┌──

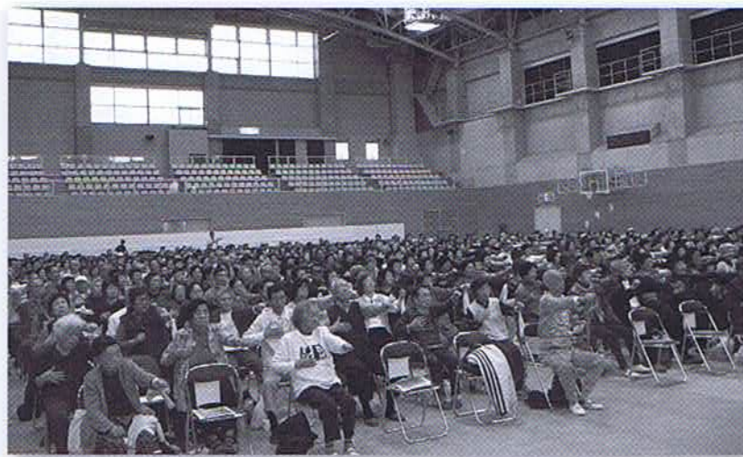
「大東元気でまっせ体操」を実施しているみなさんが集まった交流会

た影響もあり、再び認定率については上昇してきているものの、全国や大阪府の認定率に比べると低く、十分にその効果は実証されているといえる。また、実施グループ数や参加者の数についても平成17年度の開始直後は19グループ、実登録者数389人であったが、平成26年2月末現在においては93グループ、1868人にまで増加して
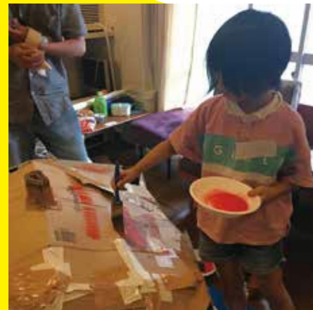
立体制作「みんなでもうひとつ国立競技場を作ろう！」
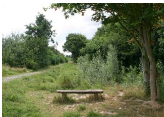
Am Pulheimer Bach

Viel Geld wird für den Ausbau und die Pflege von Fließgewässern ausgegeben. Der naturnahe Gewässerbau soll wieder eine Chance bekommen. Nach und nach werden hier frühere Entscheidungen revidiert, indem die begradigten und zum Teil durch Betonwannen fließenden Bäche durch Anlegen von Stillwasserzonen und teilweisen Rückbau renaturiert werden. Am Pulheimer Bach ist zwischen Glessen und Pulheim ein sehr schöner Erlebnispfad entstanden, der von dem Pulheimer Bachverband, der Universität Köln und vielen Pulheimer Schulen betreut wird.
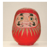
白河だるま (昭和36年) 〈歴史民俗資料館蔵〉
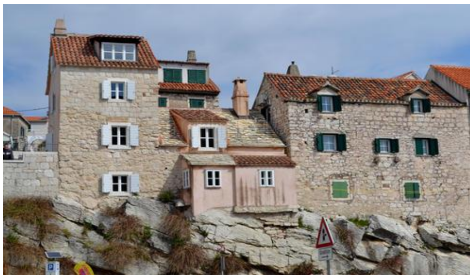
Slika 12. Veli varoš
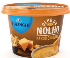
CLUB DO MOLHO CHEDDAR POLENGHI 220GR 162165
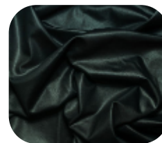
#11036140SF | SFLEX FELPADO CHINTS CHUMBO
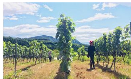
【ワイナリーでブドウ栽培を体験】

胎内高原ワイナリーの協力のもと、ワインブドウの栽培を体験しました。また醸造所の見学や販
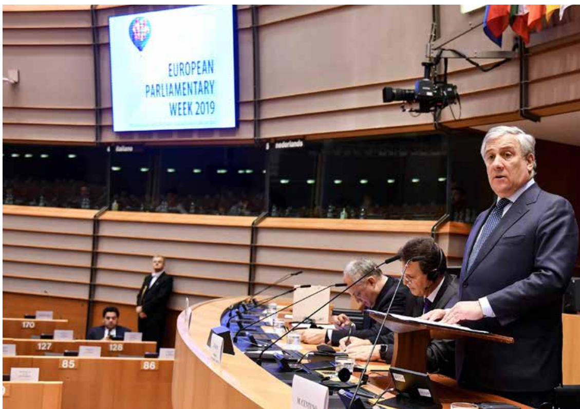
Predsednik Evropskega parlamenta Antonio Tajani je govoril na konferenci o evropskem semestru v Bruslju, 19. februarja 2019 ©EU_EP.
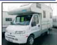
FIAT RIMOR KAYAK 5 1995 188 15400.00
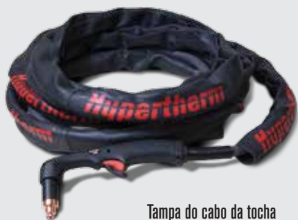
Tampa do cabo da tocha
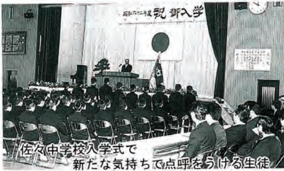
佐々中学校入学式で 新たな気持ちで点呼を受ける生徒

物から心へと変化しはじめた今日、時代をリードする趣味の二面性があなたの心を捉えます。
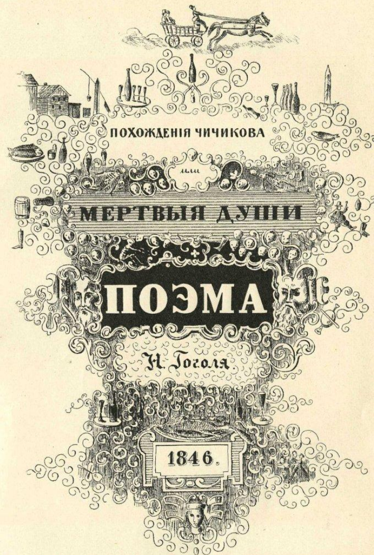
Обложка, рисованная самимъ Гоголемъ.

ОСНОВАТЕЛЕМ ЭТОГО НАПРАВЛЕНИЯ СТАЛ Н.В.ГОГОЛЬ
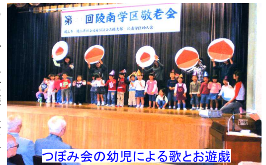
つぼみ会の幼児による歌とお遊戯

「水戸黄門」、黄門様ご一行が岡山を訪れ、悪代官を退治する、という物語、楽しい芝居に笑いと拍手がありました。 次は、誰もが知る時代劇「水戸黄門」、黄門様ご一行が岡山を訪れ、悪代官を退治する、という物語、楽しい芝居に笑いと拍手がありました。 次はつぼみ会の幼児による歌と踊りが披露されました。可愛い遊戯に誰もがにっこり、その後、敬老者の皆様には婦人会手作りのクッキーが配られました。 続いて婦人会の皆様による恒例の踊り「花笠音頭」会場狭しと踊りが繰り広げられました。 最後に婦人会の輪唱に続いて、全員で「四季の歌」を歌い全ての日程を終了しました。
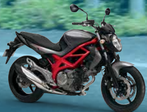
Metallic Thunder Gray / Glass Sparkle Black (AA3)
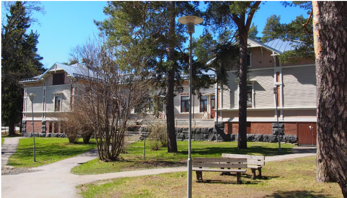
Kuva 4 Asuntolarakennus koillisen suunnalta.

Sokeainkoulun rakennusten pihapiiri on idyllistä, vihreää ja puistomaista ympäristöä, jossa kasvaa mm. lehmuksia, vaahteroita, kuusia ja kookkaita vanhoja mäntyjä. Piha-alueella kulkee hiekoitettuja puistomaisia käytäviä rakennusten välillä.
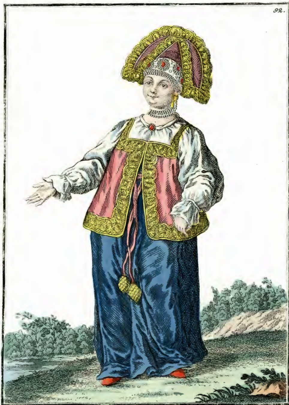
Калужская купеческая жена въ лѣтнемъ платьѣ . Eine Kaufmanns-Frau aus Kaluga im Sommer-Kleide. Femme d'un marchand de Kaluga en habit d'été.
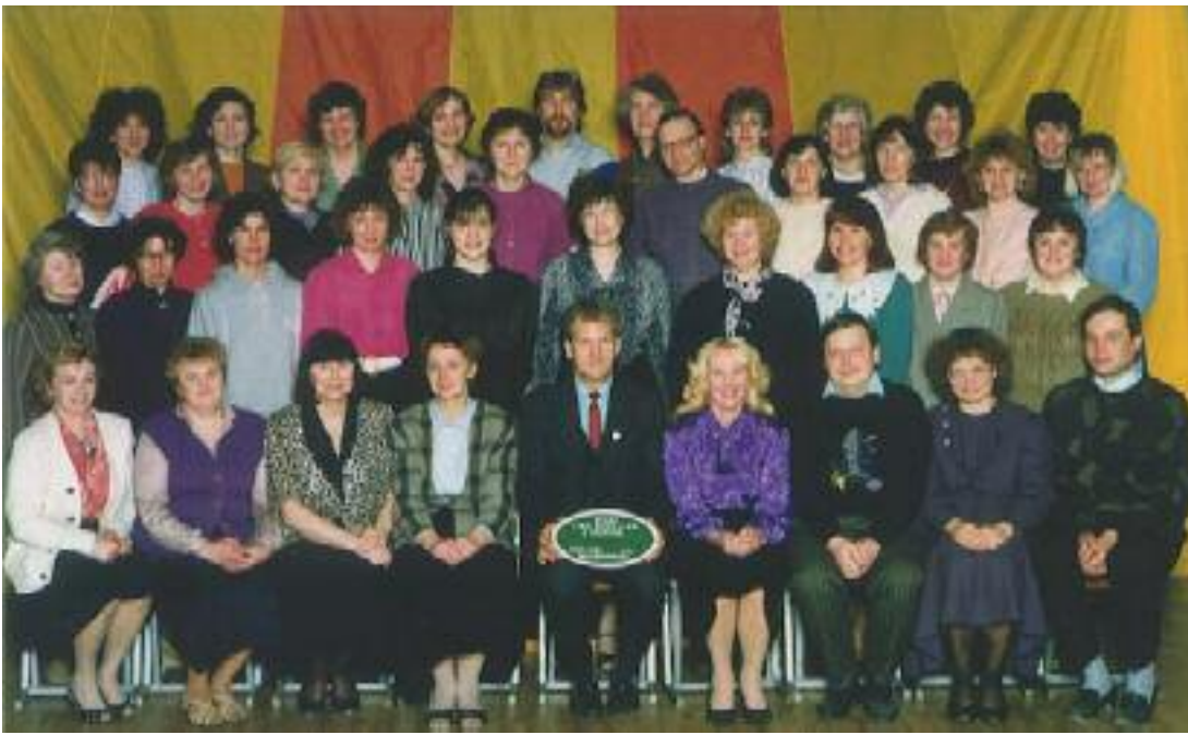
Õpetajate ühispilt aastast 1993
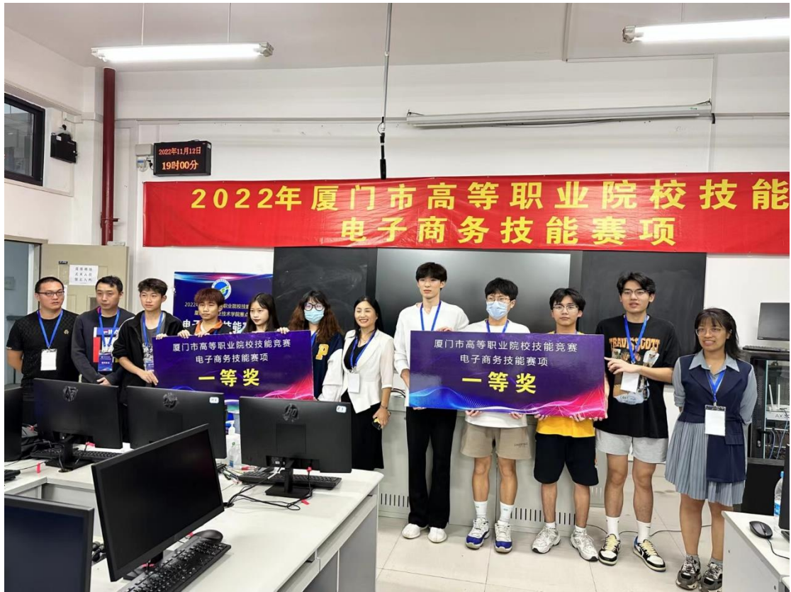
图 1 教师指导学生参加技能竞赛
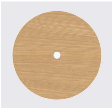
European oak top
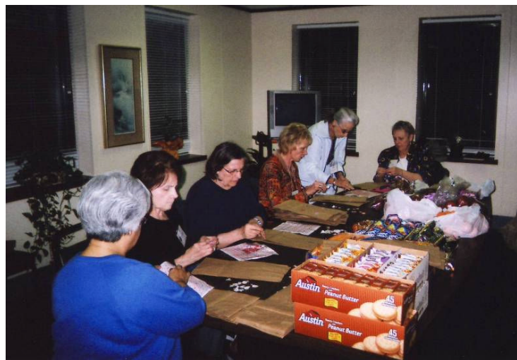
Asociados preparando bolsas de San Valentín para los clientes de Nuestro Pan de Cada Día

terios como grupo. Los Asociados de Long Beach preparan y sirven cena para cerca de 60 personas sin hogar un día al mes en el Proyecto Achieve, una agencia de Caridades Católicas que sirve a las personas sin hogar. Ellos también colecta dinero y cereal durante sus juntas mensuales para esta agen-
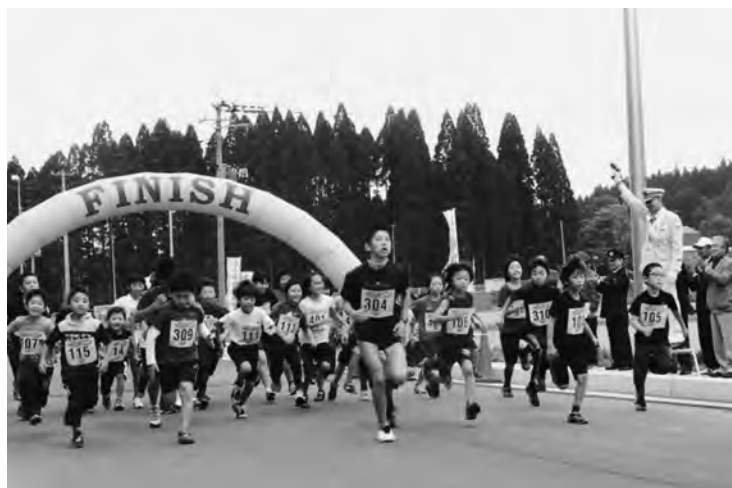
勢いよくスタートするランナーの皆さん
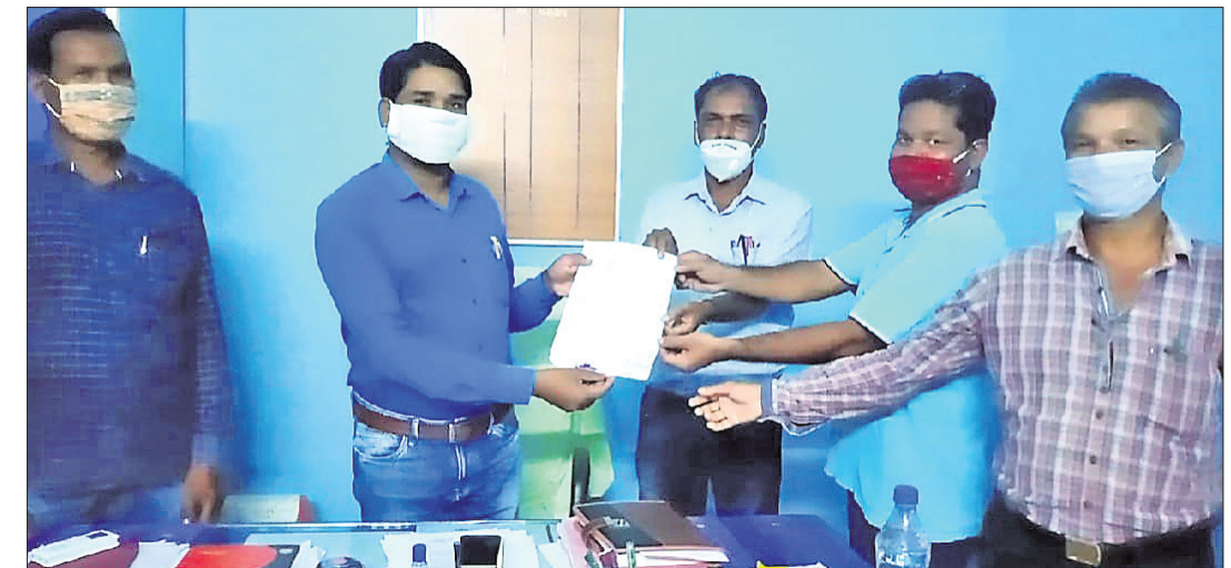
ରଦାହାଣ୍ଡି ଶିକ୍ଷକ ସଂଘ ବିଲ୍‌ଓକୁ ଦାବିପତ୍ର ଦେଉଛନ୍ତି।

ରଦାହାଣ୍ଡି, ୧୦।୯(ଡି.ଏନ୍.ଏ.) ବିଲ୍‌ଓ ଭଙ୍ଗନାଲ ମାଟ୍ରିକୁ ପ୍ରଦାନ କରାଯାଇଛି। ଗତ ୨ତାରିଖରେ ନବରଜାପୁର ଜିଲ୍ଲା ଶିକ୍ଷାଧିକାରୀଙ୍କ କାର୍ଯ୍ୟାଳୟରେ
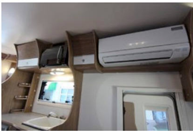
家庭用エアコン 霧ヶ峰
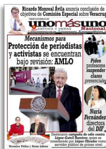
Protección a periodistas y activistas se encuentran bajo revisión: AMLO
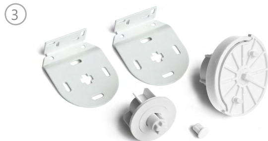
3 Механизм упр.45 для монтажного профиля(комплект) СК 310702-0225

└──

**What to produce:**
Work out how many lines above contain "Asociados"; write only the number.

**Task response:**
2